The secant method approximates Newton's method by replacing f'(x_n) with a finite difference: x_{n+1} = x_n - f(x_n)[x_n - x_{n-1}]/[f(x_n) - f(x_{n-1})]. It avoids computing derivatives, requiring only function values at two initial points. The secant method converges superlinearly (faster than linear, slower than quadratic) with order ≈ 1.618.
Newton's method is powerful but has a cost: it requires evaluating both f(x) and f'(x) at every step. The secant method eliminates the derivative by approximating f'(xₙ) with a finite difference — the slope of the line connecting the two most recent iterates. Instead of the tangent line at xₙ, you draw a line through (xₙ₋₁, f(xₙ₋₁)) and (xₙ, f(xₙ)) — the secant line — and find where it crosses zero. This gives x_{n+1} = xₙ − f(xₙ) · (xₙ − xₙ₋₁) / (f(xₙ) − f(xₙ₋₁)).
A key structural difference from Newton's method is that the secant method requires two starting points x₀ and x₁, not one, because the finite difference needs two function evaluations to approximate the slope. At each step, you carry the two most recent iterates, discard the oldest, and compute the next. Each step costs one new function evaluation (the other point is already known), compared to Newton's one function evaluation plus one derivative evaluation. When derivatives are expensive to compute — or unavailable, as when f comes from a black-box simulation — this trade is attractive.
The convergence order of the secant method is approximately φ = (1 + √5)/2 ≈ 1.618, the golden ratio. This sits between linear convergence (order 1, like bisection) and Newton's quadratic convergence (order 2). The golden ratio emerges from the error recurrence: letting eₙ = xₙ − r be the error at step n, the secant method satisfies |e_{n+1}| ≈ C|eₙ||eₙ₋₁| for some constant C near the root. To find the order α such that |eₙ| ~ C'|eₙ₋₁|^α, substitute |eₙ| ~ |eₙ₋₁|^α into the recurrence: |eₙ₋₁|^α ≈ C|eₙ₋₁|^α · |eₙ₋₁| requires α = 1 + 1/α, giving α² = α + 1 — the defining equation of the golden ratio.

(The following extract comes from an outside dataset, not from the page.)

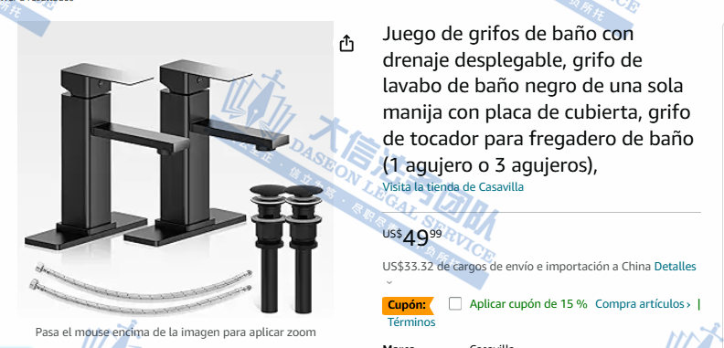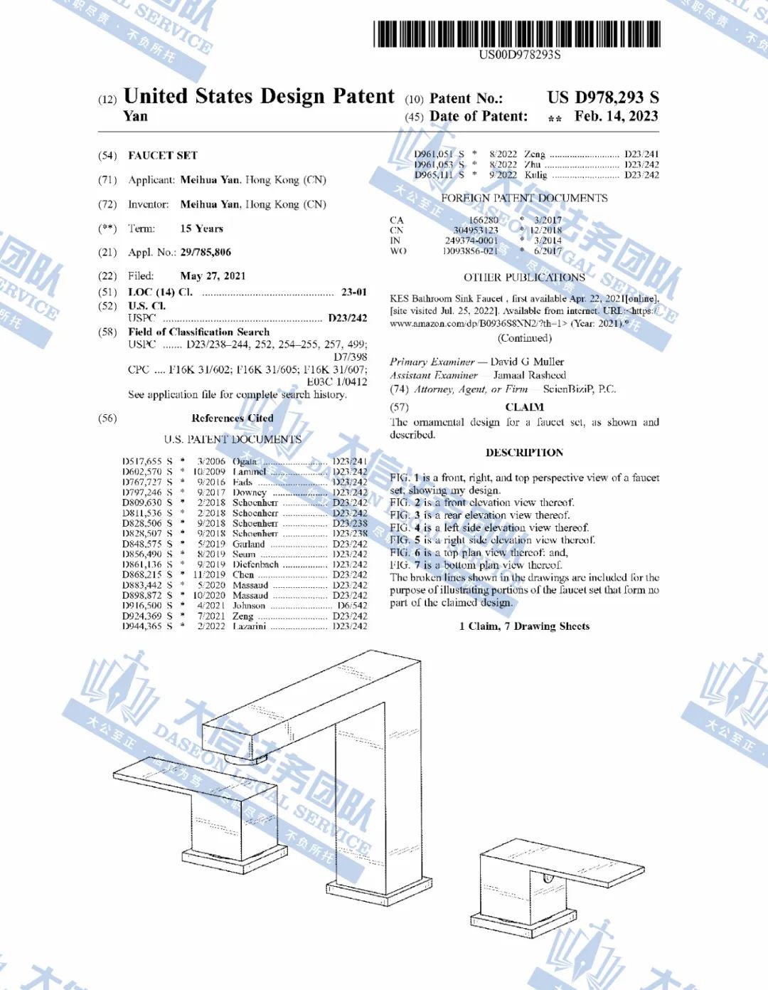 01 FAUCET SET 水龙头套装专利维权 案件号:24-cv-05403 立案时间:2024年6月27日 原告:Yan Meihua 代理律所:Davis & Carter LLC 原告介绍 原告Yan Meihua是来自香港的国人卖家,自2020年起,原告从事各种工业设计和产品设计、分销、营销等,主要在美国各地经营。这款浴室大洗手池专用水龙头套装,采用高品质的304不锈钢打造水龙头体,确保坚固耐用且不易生锈。无论是日常使用还是特殊需求,都能满足用户的需要。

When should you choose the secant method over Newton's? Use the secant method when (1) computing f'(x) is significantly more expensive than computing f(x), (2) a closed-form derivative is unavailable, or (3) f is given only numerically. The trade-off is clear in terms of work per accuracy: Newton reaches 16-digit precision in roughly 5 iterations from a good start (quadratic convergence doubles the digits each step), while the secant method may need 7–8 iterations for the same accuracy. But if each derivative evaluation costs more than one function evaluation, the secant method's total computational cost can be lower. For functions where f and f' cost equally, Newton's is usually faster in practice.